» REQUIRED ACTION
Find the line in the entries below that contains "2022年8月2日,游客在天山天池景區(qū)游覽。李小周 攝". Repeat it exactly, and every line after it through the line that contains "这一天还算运气好,早上看完日".

» RECORDS FOR PROCESSING
'''

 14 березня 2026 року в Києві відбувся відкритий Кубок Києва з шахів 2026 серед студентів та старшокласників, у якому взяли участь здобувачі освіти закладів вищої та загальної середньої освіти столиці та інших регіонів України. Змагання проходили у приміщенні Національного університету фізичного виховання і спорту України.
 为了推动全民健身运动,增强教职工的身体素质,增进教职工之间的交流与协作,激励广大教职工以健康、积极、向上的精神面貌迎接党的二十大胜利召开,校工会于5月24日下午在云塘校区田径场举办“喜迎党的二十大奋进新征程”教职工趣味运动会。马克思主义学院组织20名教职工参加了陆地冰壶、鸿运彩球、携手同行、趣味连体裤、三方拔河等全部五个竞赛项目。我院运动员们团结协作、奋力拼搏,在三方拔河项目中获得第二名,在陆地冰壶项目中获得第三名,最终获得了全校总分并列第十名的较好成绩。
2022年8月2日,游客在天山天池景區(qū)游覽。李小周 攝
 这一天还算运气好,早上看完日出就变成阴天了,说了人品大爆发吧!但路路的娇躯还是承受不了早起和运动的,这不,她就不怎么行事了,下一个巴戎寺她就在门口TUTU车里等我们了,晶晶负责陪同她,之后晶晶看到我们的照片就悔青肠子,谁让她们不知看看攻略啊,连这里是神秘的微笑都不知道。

'''
'''

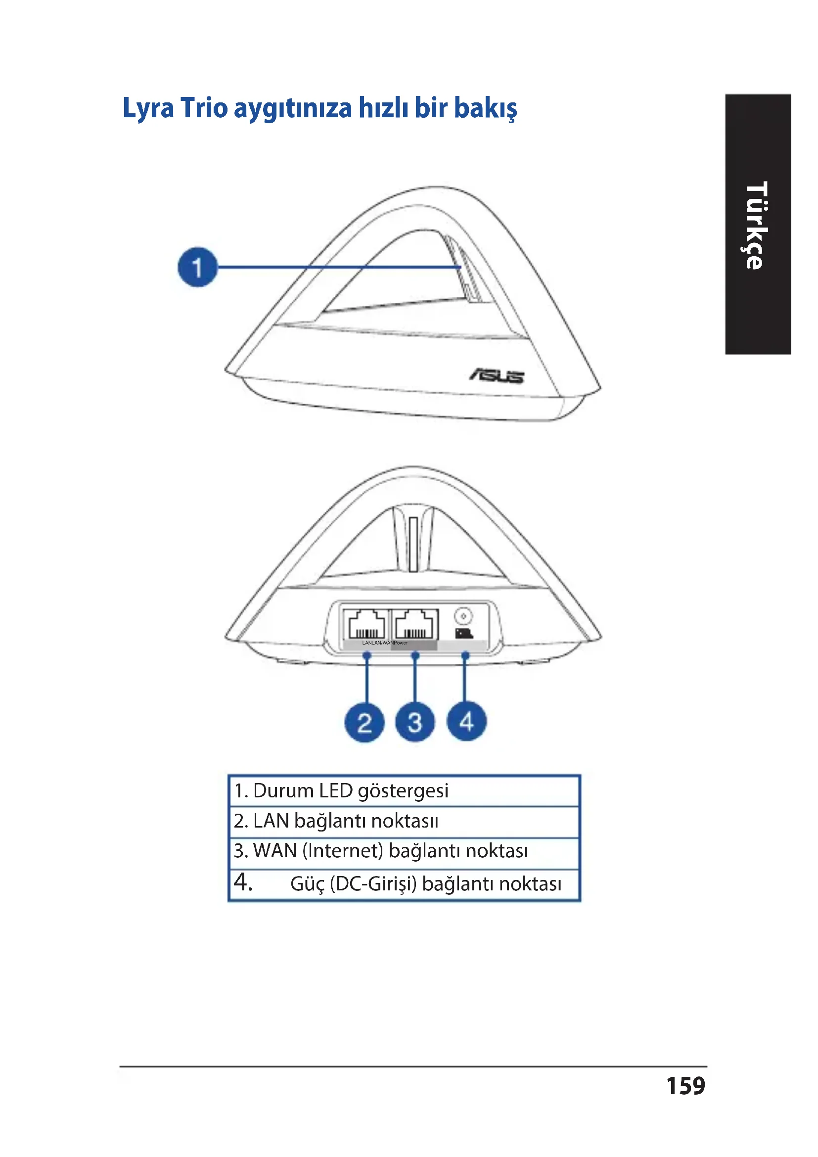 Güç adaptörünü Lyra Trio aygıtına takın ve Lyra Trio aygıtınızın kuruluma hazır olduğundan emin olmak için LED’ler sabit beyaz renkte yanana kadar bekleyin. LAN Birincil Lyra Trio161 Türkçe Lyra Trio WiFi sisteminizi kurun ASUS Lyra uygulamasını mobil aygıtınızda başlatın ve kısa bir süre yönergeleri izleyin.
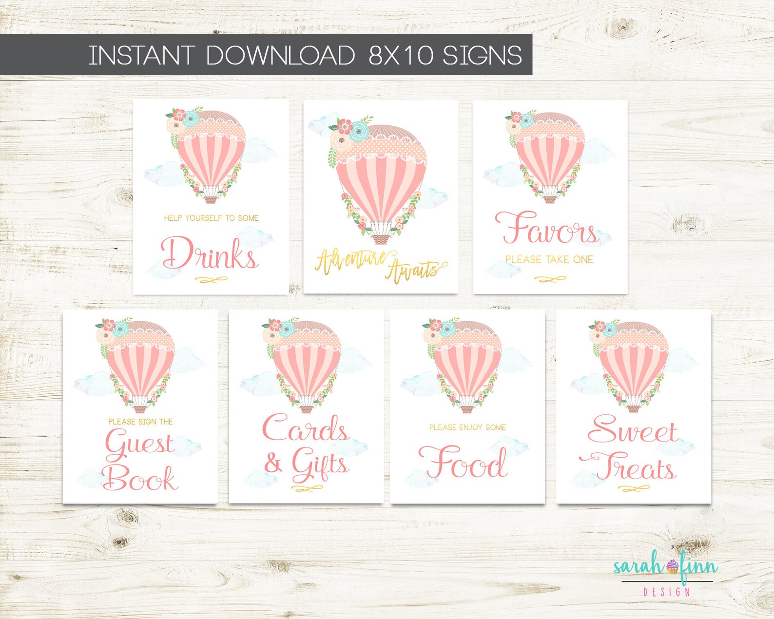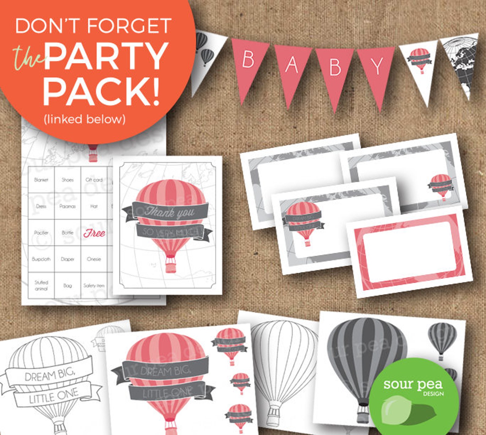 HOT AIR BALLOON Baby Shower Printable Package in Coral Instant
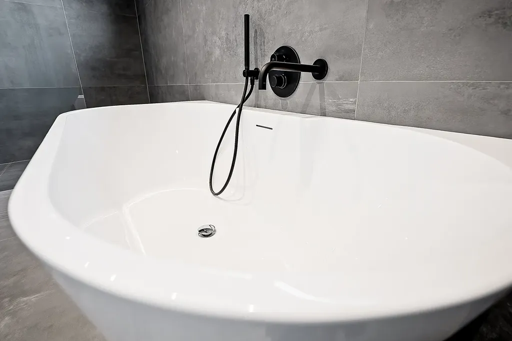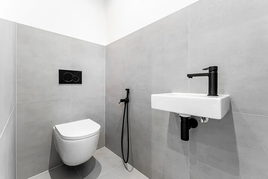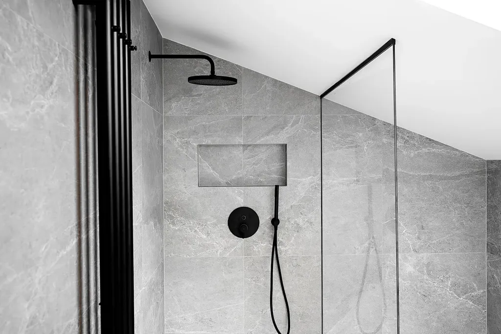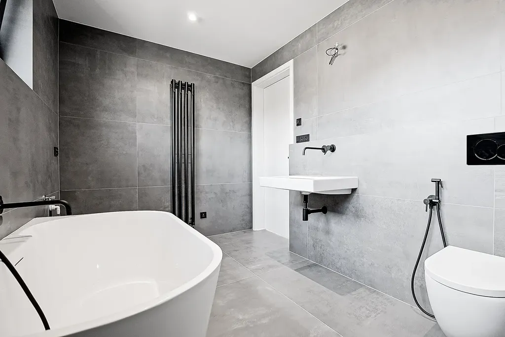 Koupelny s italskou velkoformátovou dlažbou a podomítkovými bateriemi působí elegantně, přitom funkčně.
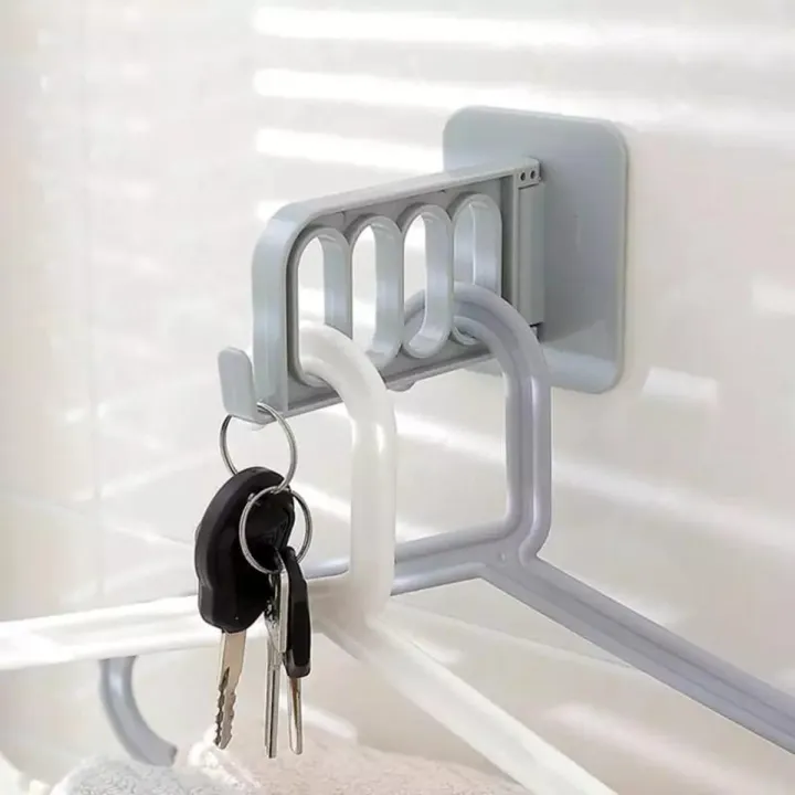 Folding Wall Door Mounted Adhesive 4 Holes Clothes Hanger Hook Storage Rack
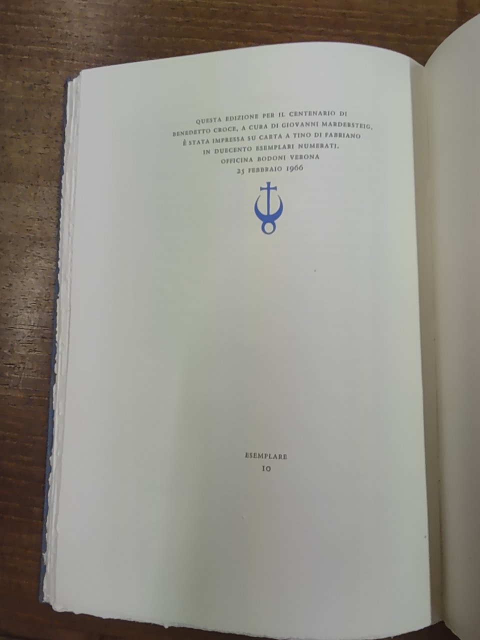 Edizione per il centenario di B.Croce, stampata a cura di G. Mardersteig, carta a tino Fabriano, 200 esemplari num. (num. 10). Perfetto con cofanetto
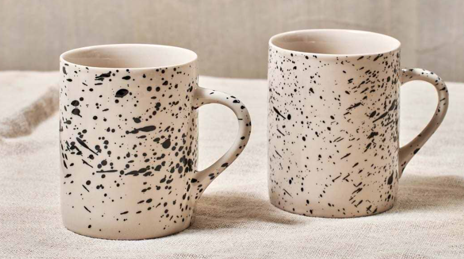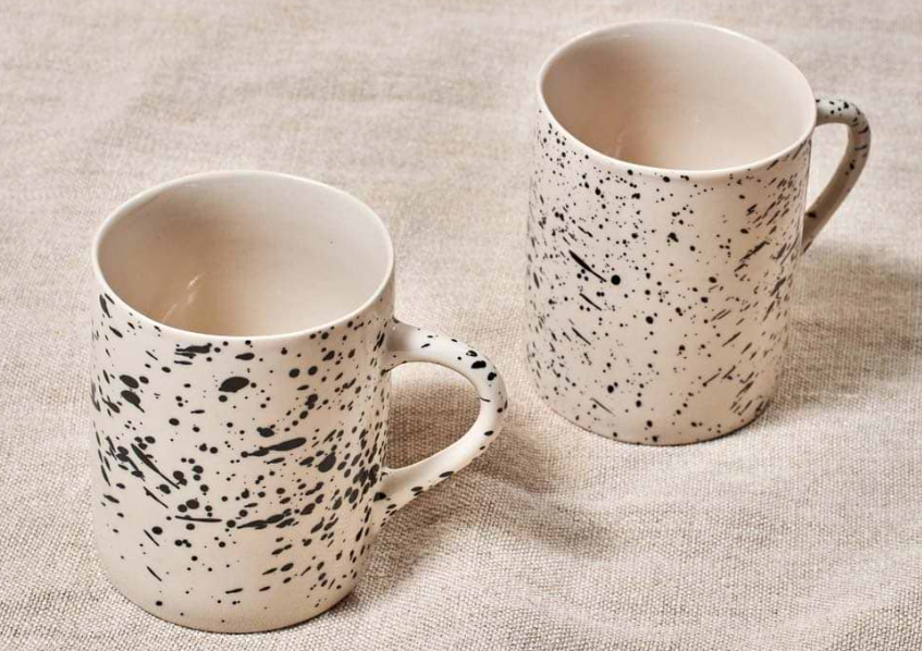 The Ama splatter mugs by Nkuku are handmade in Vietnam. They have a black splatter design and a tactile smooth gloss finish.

'''

» EXPECTED OUTPUT
2022年8月2日,游客在天山天池景區(qū)游覽。李小周 攝
 这一天还算运气好,早上看完日出就变成阴天了,说了人品大爆发吧!但路路的娇躯还是承受不了早起和运动的,这不,她就不怎么行事了,下一个巴戎寺她就在门口TUTU车里等我们了,晶晶负责陪同她,之后晶晶看到我们的照片就悔青肠子,谁让她们不知看看攻略啊,连这里是神秘的微笑都不知道。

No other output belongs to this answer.